Comprehensive first-in-human phase I/II study of FHND-9041 in patients with EGFR-mutated advanced non-small cell lung cancer

Introduction

FHND-9041 is a novel third-generation EGFR tyrosine kinase inhibitor (EGFR-TKI). This first-in-human study is a single-arm, multi-center, open-label, non-randomized phase Ⅰ/II trial that aims to evaluate the tolerability, safety, pharmacokinetics, and anti-tumor activity of FHND-9041 in patients with EGFR-mutated non-small cell lung cancer (NSCLC).

Methods

The phase I study enrolled 87 patients with previously-treated EGFR T790M-positive NSCLC. The dose escalation study was conducted at doses of 40, 80, 120, and 180 mg/day, with an expansion of 36 and 39 patients in the 80 mg and 120 mg dose groups, respectively, to evaluate safety and pharmacokinetics.
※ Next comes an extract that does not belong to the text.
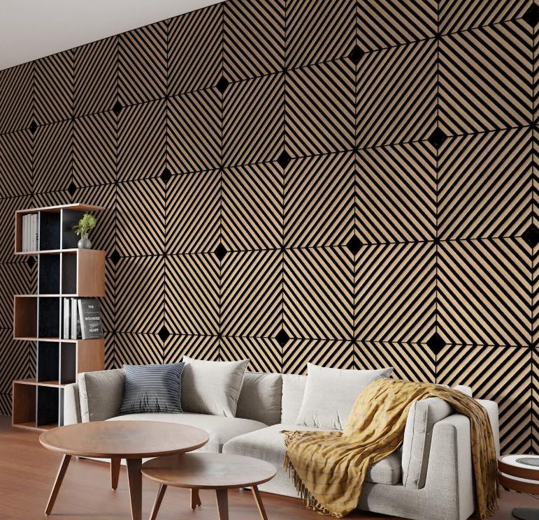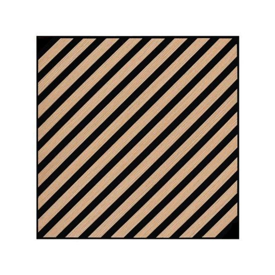 Τα ηχομονωτικά πάνελ τοίχου Wall Line Acoustic Diagonal με μέγεθος Y60cm-Φ60cm αποτελούνται ηχομονωτική τσόχα και από ανθεκτικά υλικά . Χάρη στη μαύρη βάση από τσόχα πάχους 9 mm που χρησιμοποιείται ως βάση των ακουστικών πλαισίων, επιτυγχάνεται υψηλή ηχομόνωση . Το επίπεδο ηχητικής αντίστασης είναι κατηγορίας Β, που καθορίζεται από το ευρωπαϊκό πρότυπο EN ISO: 11654:1997 με συντελεστή ηχοαπορρόφησης α=0,80;0,85. Το υλικό από το οποίο κατασκευάζονται τα προφίλ στο είναι MDF, το οποίο καλύπτεται με φύλλο φυσικού ξύλου 1mm. Στο ένα πάνελ υπάρχουν ελάσματα μεγέθους 27mm πλάτους και 12mm πάχους. Η απόσταση μεταξύ των ελασμάτων είναι 13 mm. Η συμπεριφορά του προϊόντος σε περίπτωση πυρκαγιάς ταξινομείται με επίπεδο ευφλεκτότητας Β – δύσκολο να καεί. Επίσης, τα πάνελ είναι φιλικά προς το περιβάλλον ή ακριβέστερα ακίνδυνα για το περιβάλλον και την ανθρωπότητα, αυτό το προϊόν διαθέτει πιστοποιητικό CARB-P2, το οποίο είναι υπεύθυνο για τα επίπεδα φορμαλδεΰδης - ένα αέριο επικίνδυνο για την αναπνοή και εκρηκτικό. Όσον αφορά τη τοποθέτηση , είναι εξαιρετικά εύκολη, υπάρχουν τρεις επιλογές τοποθέτησης - με σχάρα, με επιτοίχια τοποθέτηση με βίδες ή με κόλλα (π.χ. κόλλα "Liquid Nail"). Ο καθαρισμός συνιστάται να γίνεται με ηλεκτρική σκούπα ή στεγνό πανί. Η χρήση νερού μπορεί να διογκώσει το προϊόν MDF. Δεν είναι κατάλληλα για εγκατάσταση σε δωμάτια με υψηλή υγρασία.
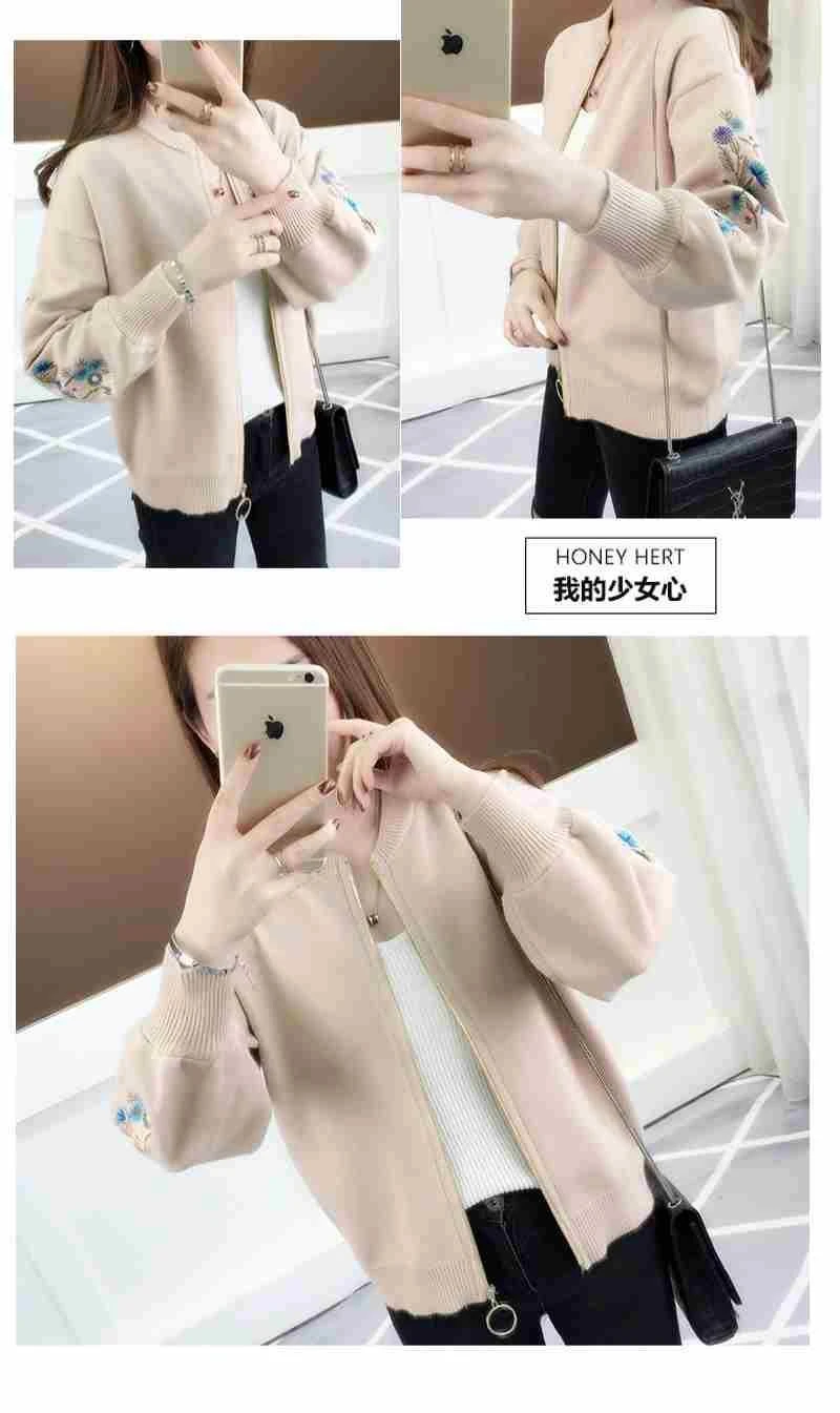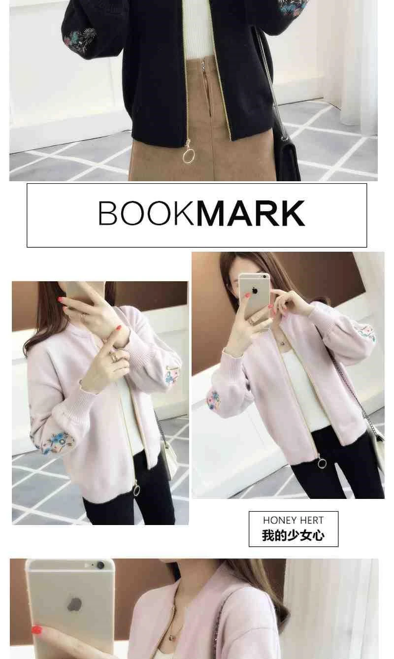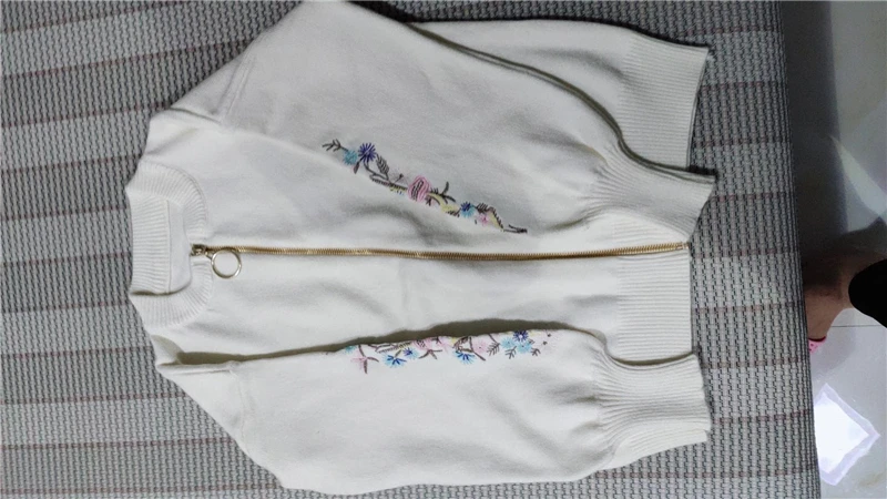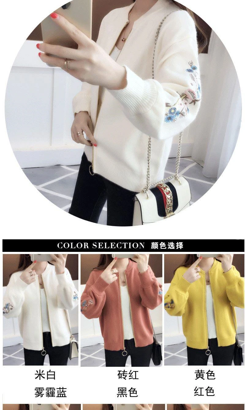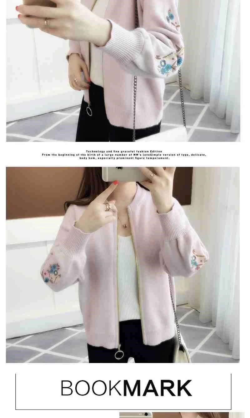 Однотонный вязаный кардиган с вышивкой, пальто, женский корейский свитер на молнии с круглым вырезом и длинным рукавом, Весенняя Повседневная бейсбольная верхняя одежда, топы

With 80 mg QD as the recommended phase II dose, the phase II study assessed the efficacy and safety of FHND-9041 as first-line treatment in 37 treatment-naive patients.

Results

No dose-limiting toxicity was observed, and the maximum tolerated dose was not identified within the 40 − 180 mg dose range. Pharmacokinetic data indicated dose-proportional exposure up to 120 mg, with a plateau at 120 mg. The phase II study revealed an objective response rate of 62.2 % (23/37 evaluable patients) with a median progression-free survival of 15.5 months (95 % CI, 12.9 − 18.1). The most common adverse events were decreased white blood cell count (22.6 %) and diarrhea (21.8 %). Treatment-related grade 3/4 adverse events included decreased white blood cell count (11.3 %) and liver impairment (4.8 %).

Conclusions

FHND-9041 exhibits favorable safety and efficacy profile, supporting its further clinical development for EGFR-mutated advanced NSCLC.